(Data records)
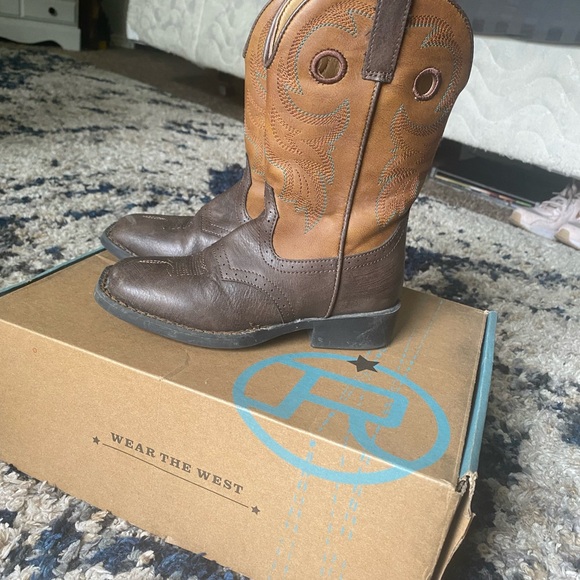 Charming tan boots for kids. Comfortable and durable design. Blue design is a nice touch. Worn once for a wedding because my kiddo was the ring bearer! Comes in original box.
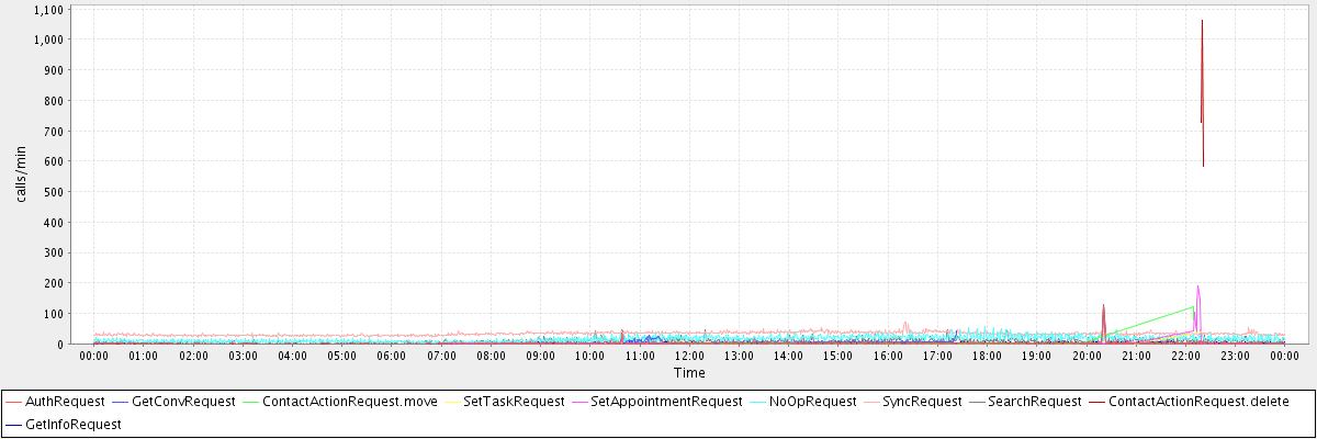max(AuthRequest) = 121.00 max(GetConvRequest) = 41.00 max(ContactActionRequest.move) = 121.00 max(SetTaskRequest) = 38.00 max(SetAppointmentRequest) = 191.00 max(NoOpRequest) = 56.00 max(SyncRequest) = 72.00 max(SearchRequest) = 131.00 max(ContactActionRequest.delete) = 1062.00 max(GetInfoRequest) = 122.00
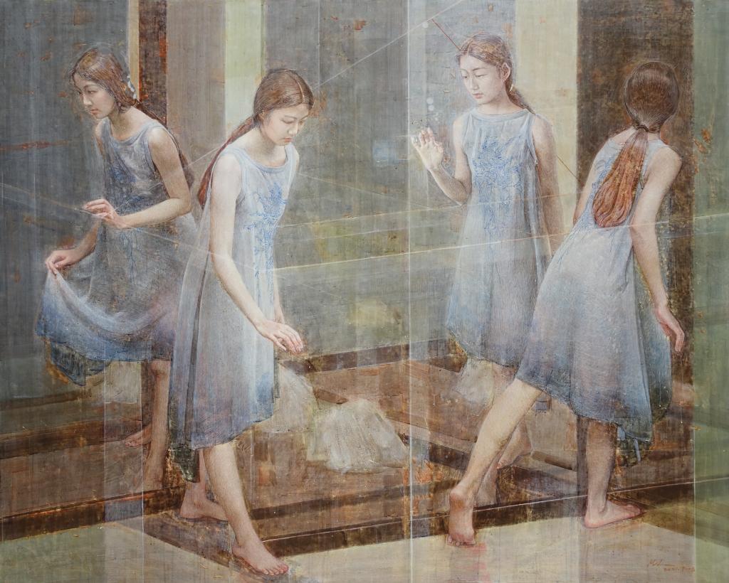 马蕾 《纳喀索斯—入山》 160×200cm 木板坦培拉 2021年
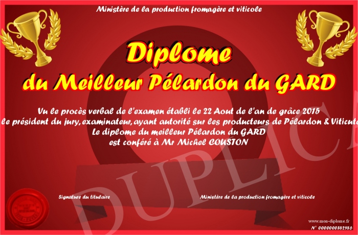 Envoyez par email votre Diplôme du Meilleur Pélardon du GARD personalisé
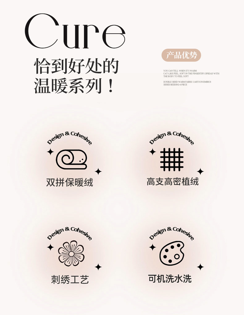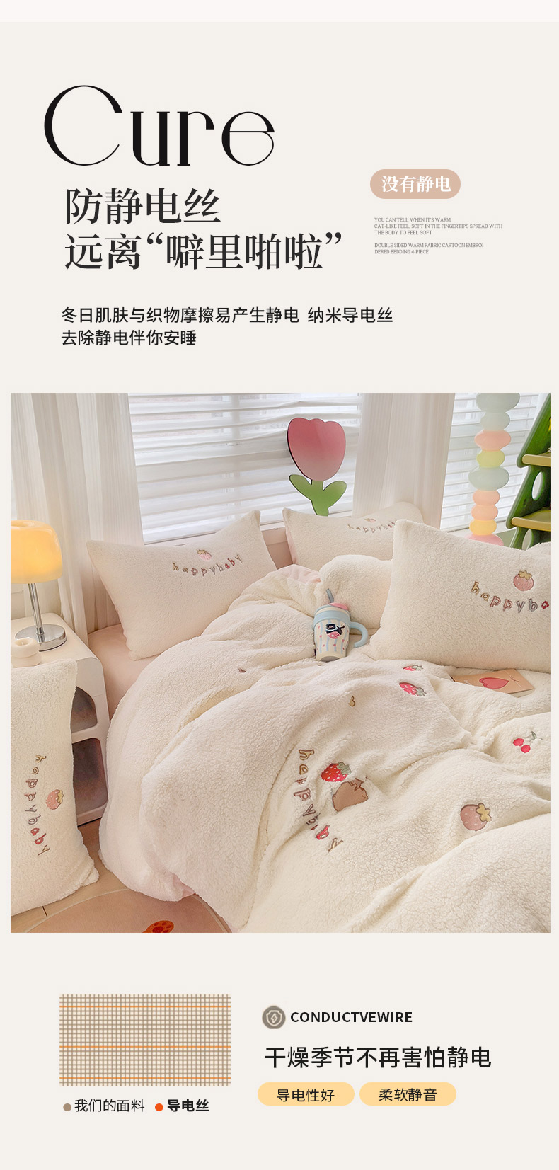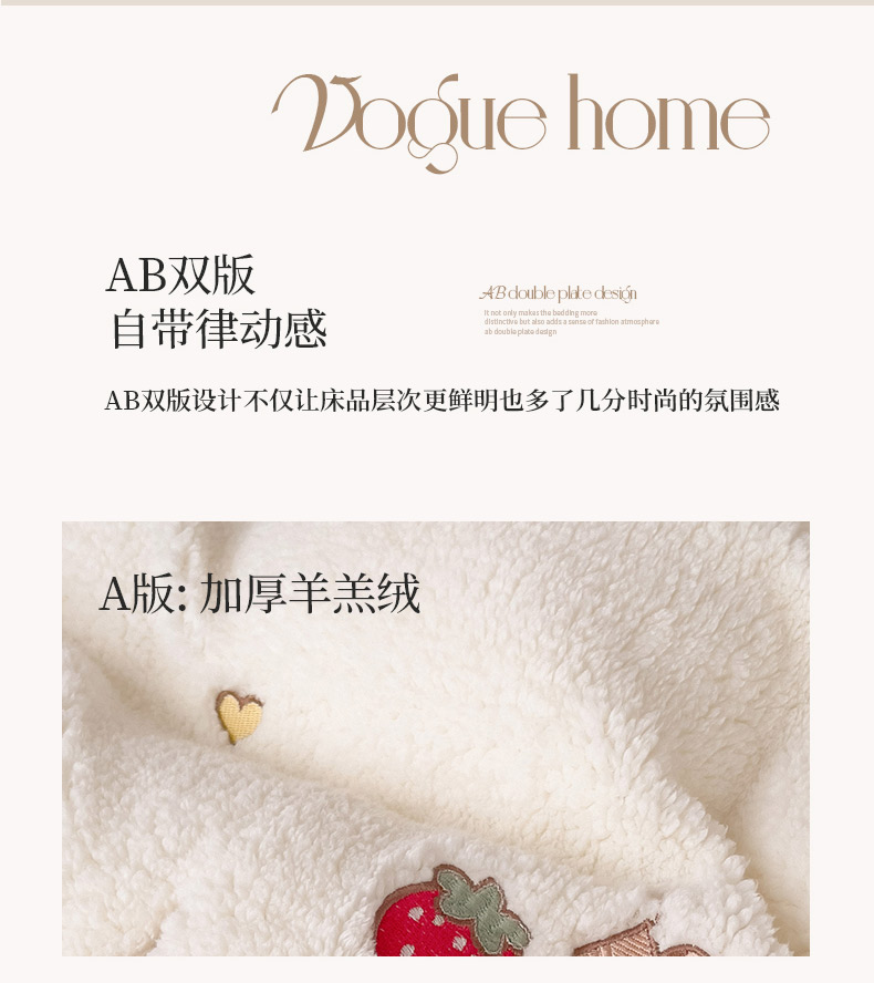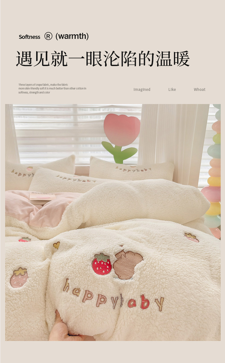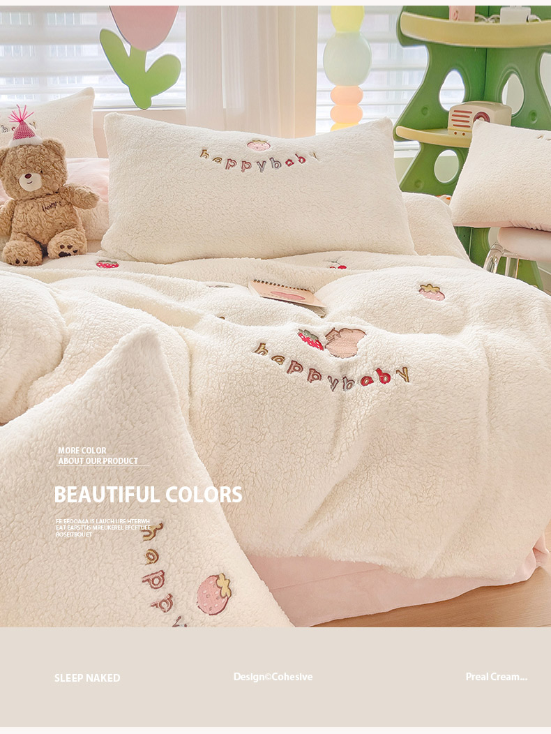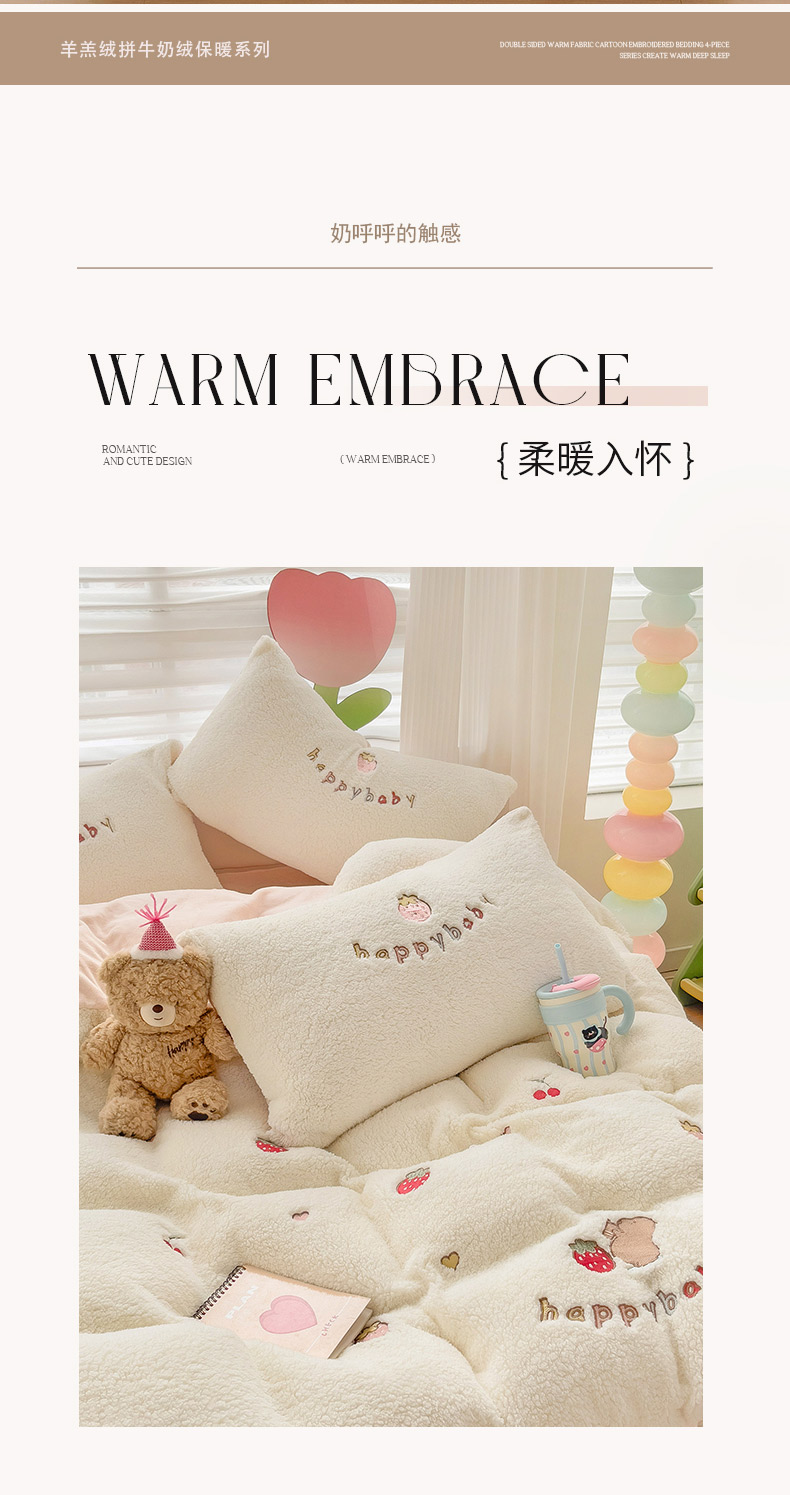 商品名称:(总)亲亲公主 2025新款羊羔绒绣花保暖四件套-草莓熊
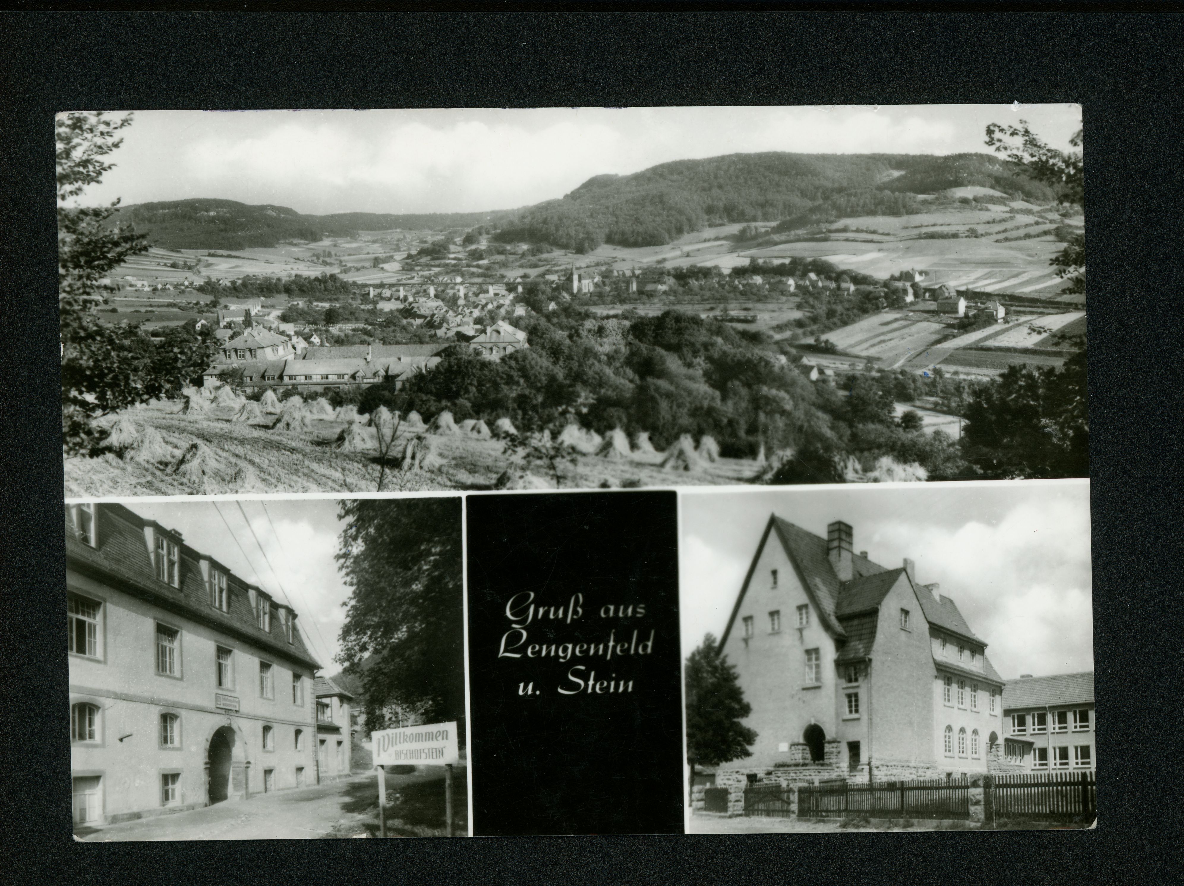 Ort Lengenfeld unterm Stein Motive Panorama FDGB-Heim Bischofstein Polytechnische Oberschule ''Käthe Kollwitz'' Format groß Jahr 1976 Verlag Schincke, Zeitz (Lichtbild-Schincke KG) Bestell- oder Individualnummer III/18/197 P 3/76 104

What the task asks
Return only the lines from the line containing "Envoyez par email" through the last line of the records above, both ends included, exactly as written, leaving pictures out.

Your response
 Envoyez par email votre Diplôme du Meilleur Pélardon du GARD personalisé
 商品名称:(总)亲亲公主 2025新款羊羔绒绣花保暖四件套-草莓熊
 Ort Lengenfeld unterm Stein Motive Panorama FDGB-Heim Bischofstein Polytechnische Oberschule ''Käthe Kollwitz'' Format groß Jahr 1976 Verlag Schincke, Zeitz (Lichtbild-Schincke KG) Bestell- oder Individualnummer III/18/197 P 3/76 104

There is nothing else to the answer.